The plant model utilized in earlier stages must here be supplemented by an I/O model which maps signals to the physical ports of the simulator.

Test Automation

In the process of verification, repeatability is key. In order to achieve repeatability, enabling so-called regression tests, it is necessary to use automation.

Most testing tasks can be automated via test scripts; however, scripts are often hard for testers to understand, and it is difficult to get an overview of which parts are intended for reuse in different test cases. When automating tests, the framework for development and execution of test cases is important. A good framework for development of test cases provides basic functionality for e.g. reading and writing to a real-time application, as well as recording data and subsequently representing it in the form of graphs, tables or pure numbers in a report.

Maintaining and developing an automated test environment it is advantageous to have well defined roles and responsibilities with clear interfaces for information transfer. An automated test process is comprised of a number of sub processes. The responsibility for the test process is held by the role of Test Manager. The Test Manager sees full picture and coordinates the sub processes for the test developers, framework developers and simulation environment developers.

With an automation environment which supports standardized interfaces, tests can be reused throughout the entire development process.

Test Management

Testing activities play a substantial role in ECU development projects. It is common to perform so-called requirement based testing, where the goal of the test cases is to verify that the target system fulfills its established requirements.

In an iterative development environment requirements are continuously updated, which means that, for every iteration, it is necessary to evaluate whether a test case is still valid, must be updated, or substituted by a new test case. This process leads to dependencies between different versions of requirements and test cases.

For the test activities, the requirement is held static in each iteration, while the test case implementation and its generated results can be updated. The resulting dependencies must somehow be handled in order to maintain traceability. A test case is defined by a set of attribute, e.g. name, execution environment, implementation, and results.
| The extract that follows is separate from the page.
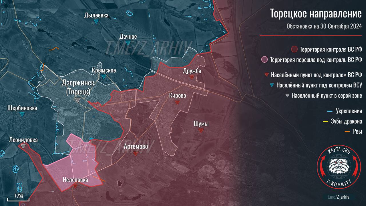 Сьогодні міноборони РФ заявило про захоплення російською армією села Нелипівка між Торецьком та Нью-Йорком. Російські паблики на своїх картах позначають село як повністю підконтрольне РФ. Якщо це справді так, то це означає, що росіяни витіснили українські сили з північної частини Нью-Йорка, яку ЗСУ нещодавно відбили під час контратаки.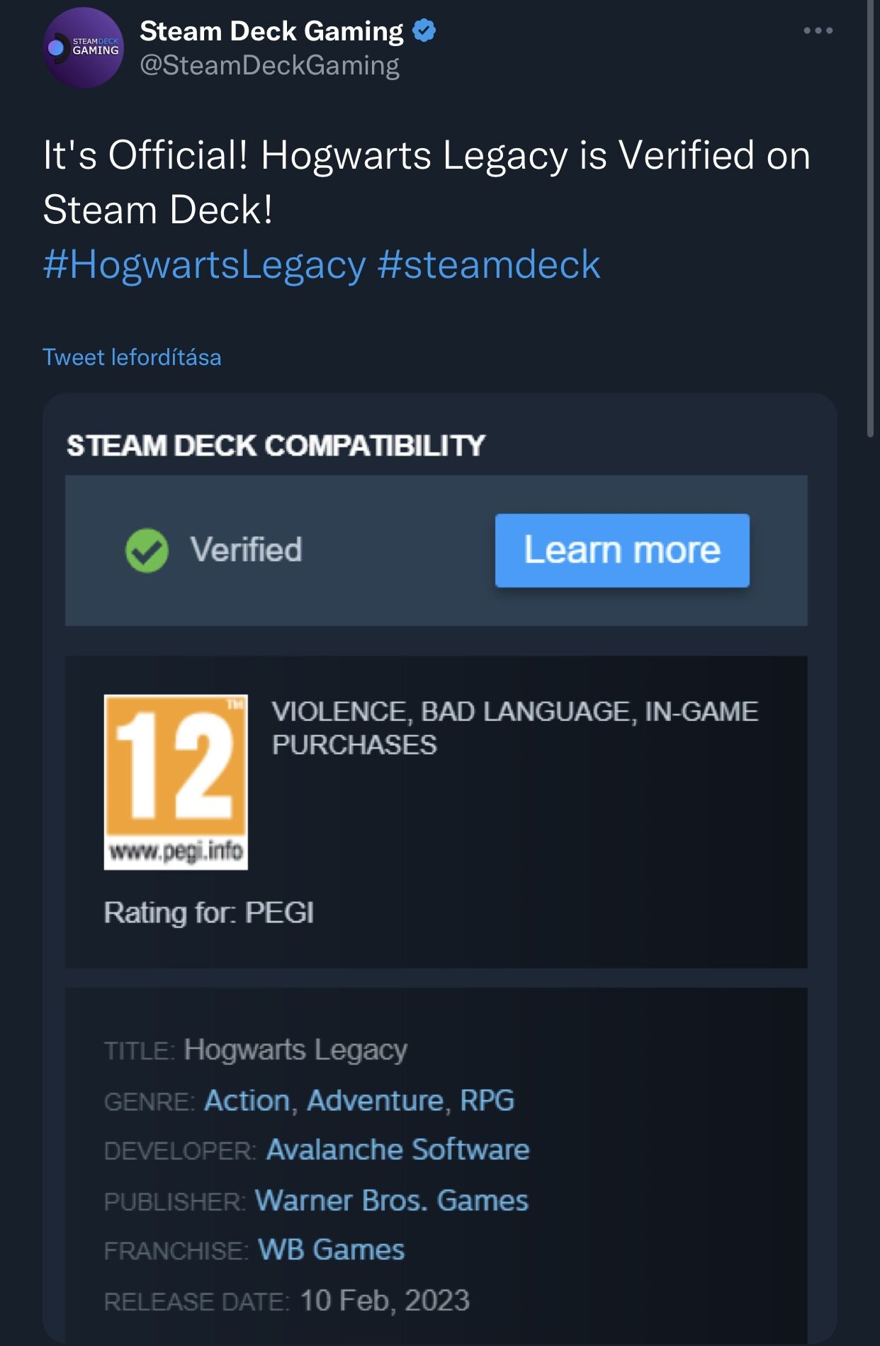 Pont tegnap néztem, hogy ez volt 2022-ben a legtöbbet játszott játék decken.

One great challenge is how to handle all these dependencies and data. A database is required, but also a meta model for how things are related so that there is traceability between versions of requirements and versions of test cases. The end goal is to have the possibility to recreate the testing environment which was used for a specific version.

So, any test management tool should be able to store all relevant information, but also make use of it by providing a connector to testing environments. In the end, tests are scheduled and a report is returned detailing the test results. Through version dependent connections it is possible to track how different software versions fulfill different requirement versions.